Contexte[modifier | modifier le code]

Le titre « Hammerklavier » vient du terme allemand pour « piano-forte », donné par le musicien qui voulait ainsi rappeler à ses contemporains que le piano-forte était une invention allemande, comme il l'écrivait à Tobias Haslinger en 1817. Le terme « Hammerklavier » (littéralement : clavier à marteaux) — qui marque une nette distinction entre les cordes frappées du piano moderne et les cordes pincées du clavecin — semble aussi souligner le caractère percussif de l'instrument, mis particulièrement en valeur par l'introduction « martelée » de cette sonate.

Mettant fin à quatre années d'une quasi-stérilité artistique, sa composition fut contemporaine de celle du Kyrie de la Missa Solemnis et des toutes premières esquisses de la Neuvième Symphonie, à une époque où la surdité du musicien était devenue totale. L'œuvre fut publiée le 15 septembre 1819. Elle est sa plus vaste partition pour piano solo par sa longueur et l'ampleur de son souffle. Le musicien confia à son éditeur : « Voilà une sonate qui donnera de la besogne aux pianistes, lorsqu'on la jouera dans cinquante ans »[1].

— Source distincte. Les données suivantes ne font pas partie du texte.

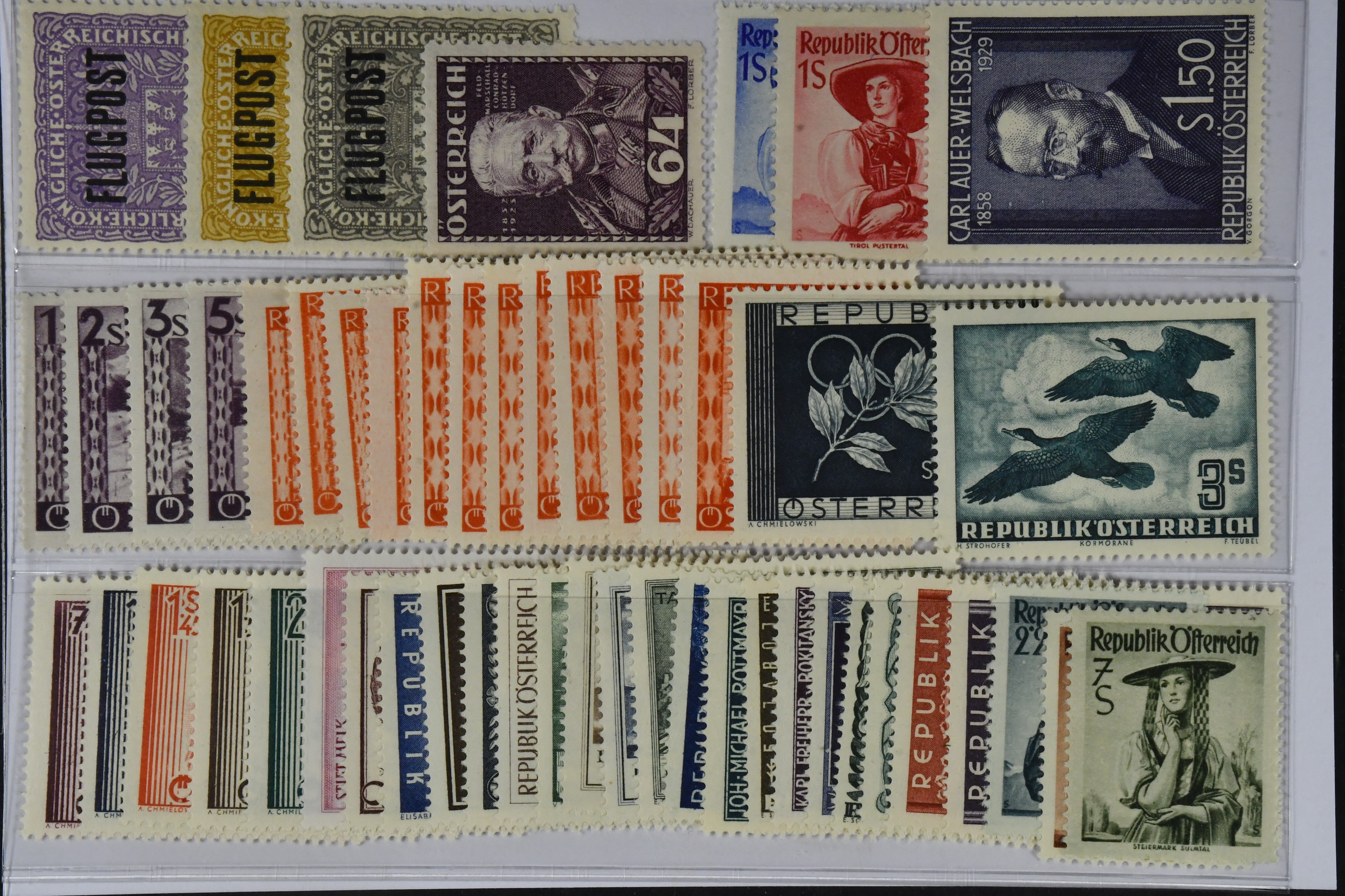 Austria. ★★ 1918–63. All different, e.g. Mi 225-27 x+y, 622, 838-53, 910-11, 969, 985, 1006, 1012-16. Mostly good quality. Mi € 813 (52)

Elle comprend quatre mouvements et son exécution dure environ 45 minutes. Le troisième mouvement, adagio sostenuto, est remarquable par ses proportions (près de vingt minutes), qui en fait le plus long mouvement lent qu'ait écrit Beethoven. Le pianiste Wilhelm Kempff en a dit : « C'est le plus grand monologue pour piano que Beethoven ait jamais écrit. »[réf. nécessaire] Le final est une immense fugue à trois voix d'une complexité redoutable pour les exécutants.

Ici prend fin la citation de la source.